🤖 AI Summary
Speech data for disordered speech in low-resource languages is scarce, hindering the equitable deployment of automatic speech recognition (ASR) for persons with speech disabilities. Method: We propose a community-driven paradigm for data collection and model development, piloted on Akan—the most widely spoken language in Ghana—by creating the first open-source disordered speech corpus for Akan (Akan-Disordered Speech Corpus). We accompany it with a reusable data collection “recipe,” a lightweight speech annotation tool, and adaptation guidelines. Leveraging open collaboration, local communities co-collect data and fine-tune open ASR models (Whisper, Wav2Vec 2.0) for improved articulation disorder recognition.
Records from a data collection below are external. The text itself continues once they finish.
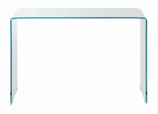 This modern rectangular console table features a clear tempered glass top paired with a geometric base crafted from heavy-gauge metal with a sleek ...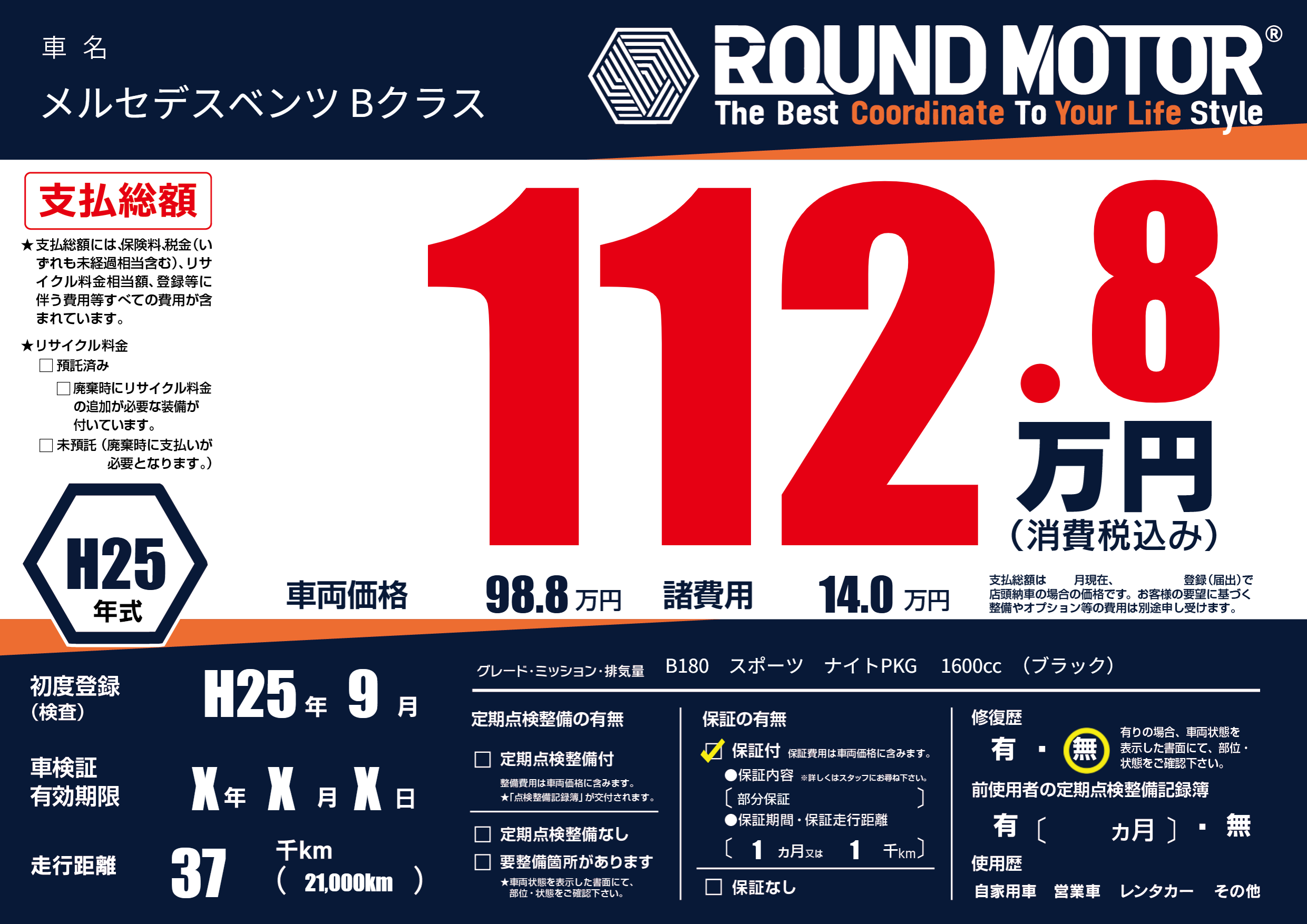 | 車名 | メルセデスベンツ Bクラス | グレード ミッション 排気量 |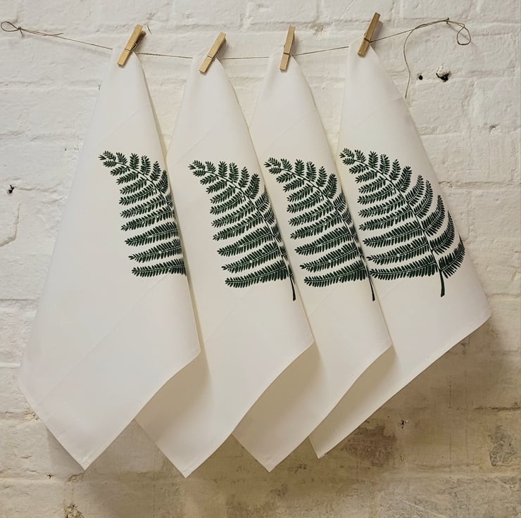 A set of 4 beautiful crisp, cotton napkins hand screen printed with a single fern.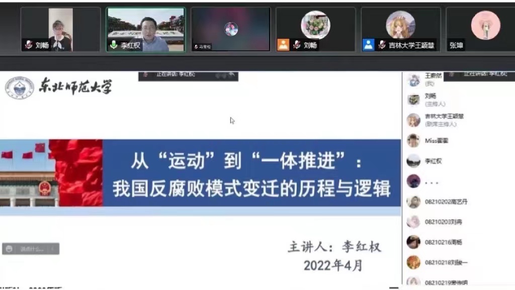 2022年4月28日,悟空体育廉政研究院、公司第6期清晏廉政名家讲坛学术活动在腾讯会议平台举行。东北师范大学政法公司经理、教授、博士生导师、东北师范大学廉政研究中心主任、中国廉政学会副会长、中国政治学会理事、吉林省政治学会副会长李红权教授受邀担任主讲专家,作题为“从‘运动’到‘一体推进’:我国反腐败模式变迁的历程与逻辑”的学术讲座。悟空体育副经理、廉政研究与教育中心副主任马雪松教授以及悟空体育、国内部分高校教师和员工一百余人参与本次活动。悟空体育廉政研究与教育中心副主任、悟空体育博士生导师刘畅教授主持讲座。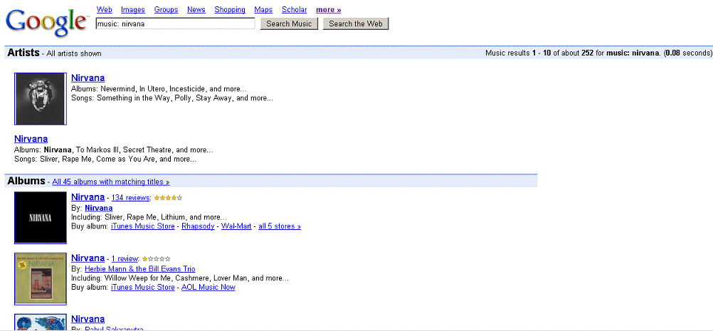 Según sé Google ya tiene un servicio de música para China pero desconozco sus detalles. Actualmente introdujeron el parametro “music:” para sus búsquedas pero esto solo regresa discografía sin posibilidad de descarga.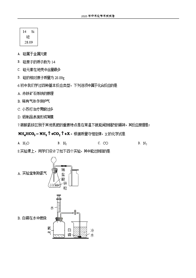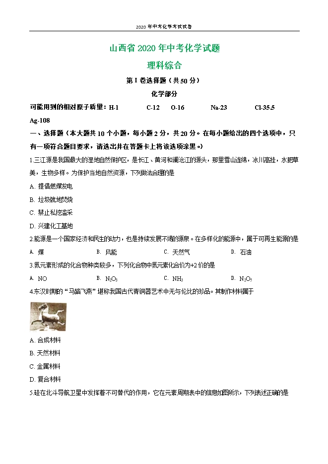 【内容简介】一、选择题(本大题共10个小题,每小题2分,共20分。在每小题给出的四个选项中,只有一项符合题目要求,请选出井在答题卡上将该选项涂黑。)1.三江源是我国最大的湿地自然保护区,是长江、黄河和澜沧江的源头,那里雪山连绵,冰川高挂,水肥草美,生物多样。为保护当地自然资源,下列做法合理的是A. 提倡燃煤发电B. 垃圾就地焚烧C. 禁止私挖滥采D. 兴建化工基地2.能源是一个国家经济和民生的动力,也是持续发展不竭的源泉。在多样化的能源中,属于可再生能源的是A. 煤B. 风能C. 天然气D. 石油3.氮元素形成的化合物种类较多,下列化合物中氮元素化合价为+2价的是A. NOB. N2O3C. NH3D. N2O54.东汉时期的“马踏飞燕”堪称我国古代青铜器艺术中无与伦比的珍品。其制作材料属于 A. 合成材料B. 天然材料C. 金属材料D. 复合材料5.硅在北斗导航卫星中发挥着不可替代的作用,它在元素周期表中的信息如图所示,下列表述正确的是......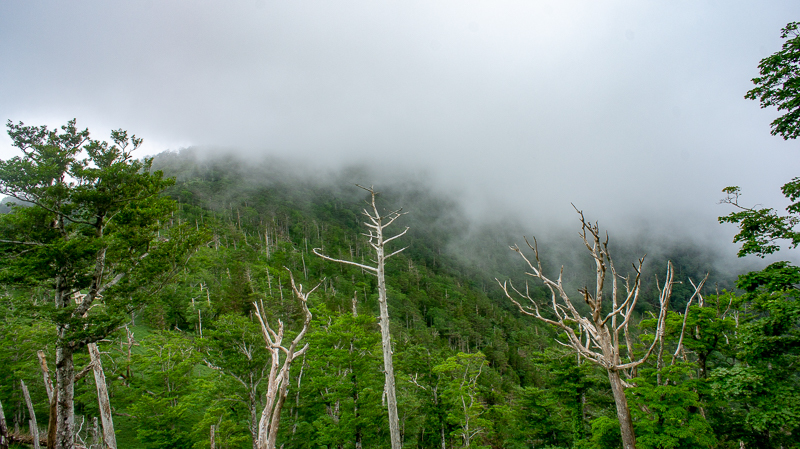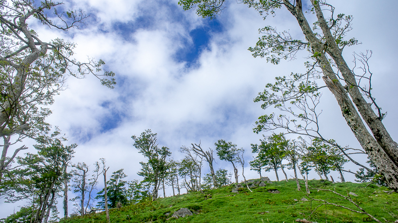 吉田の森を過ぎる頃、一気にガスが消え去り、南には夏の青空が覗いたけれど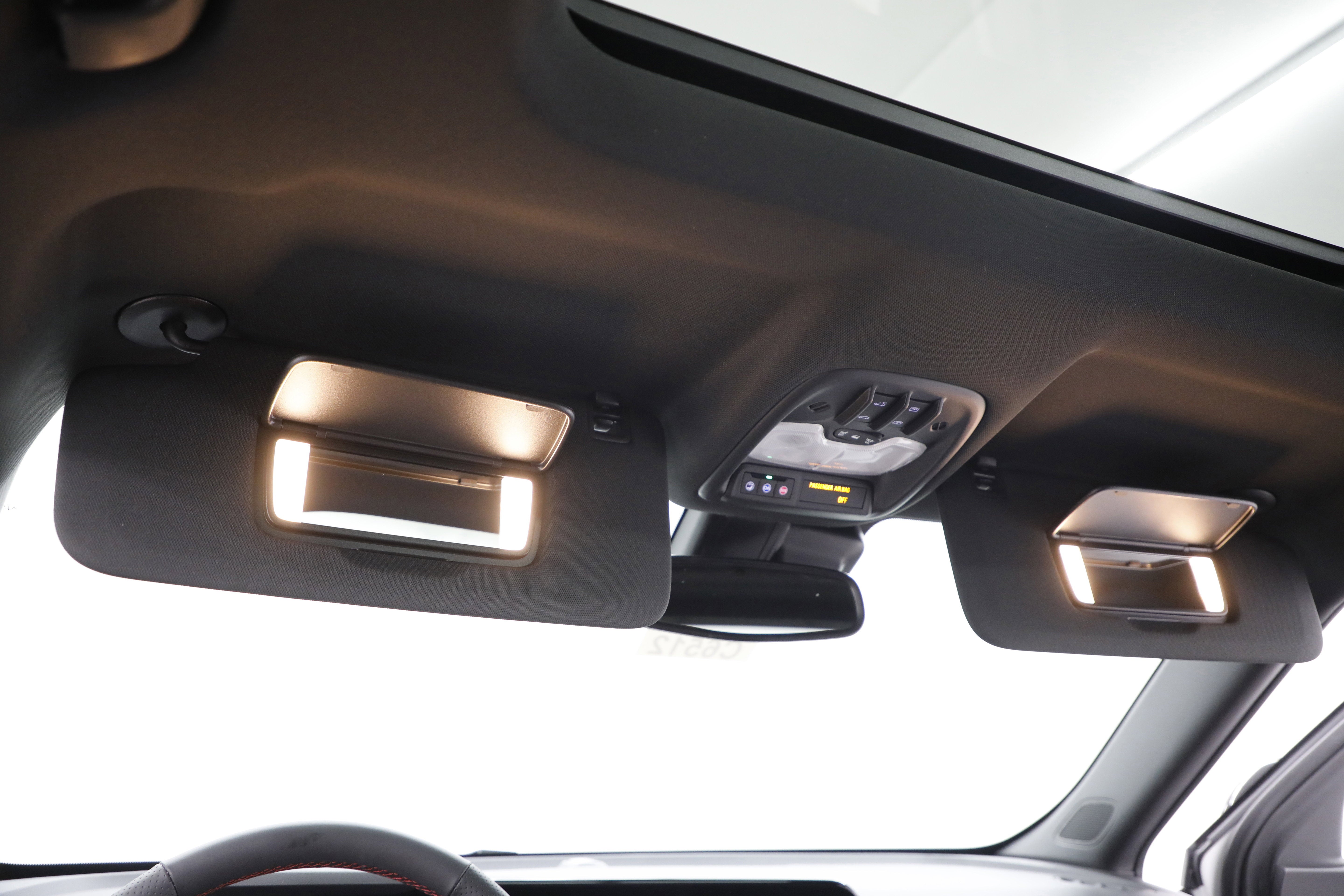 - Driver and front passenger sliding visors with covered illuminated vanity mirrors

Contribution/Results: This work establishes the first systematic, democratized pipeline for building disordered-speech ASR in low-resource languages, offering a transferable methodology and practical benchmark for disordered speech research in under-resourced linguistic contexts globally.
📝 Abstract
This study presents an approach for collecting speech samples to build Automatic Speech Recognition (ASR) models for impaired speech, particularly, low-resource languages. It aims to democratize ASR technology and data collection by developing a "cookbook" of best practices and training for community-driven data collection and ASR model building. As a proof-of-concept, this study curated the first open-source dataset of impaired speech in Akan: a widely spoken indigenous language in Ghana. The study involved participants from diverse backgrounds with speech impairments. The resulting dataset, along with the cookbook and open-source tools, are publicly available to enable researchers and practitioners to create inclusive ASR technologies tailored to the unique needs of speech impaired individuals. In addition, this study presents the initial results of fine-tuning open-source ASR models to better recognize impaired speech in Akan.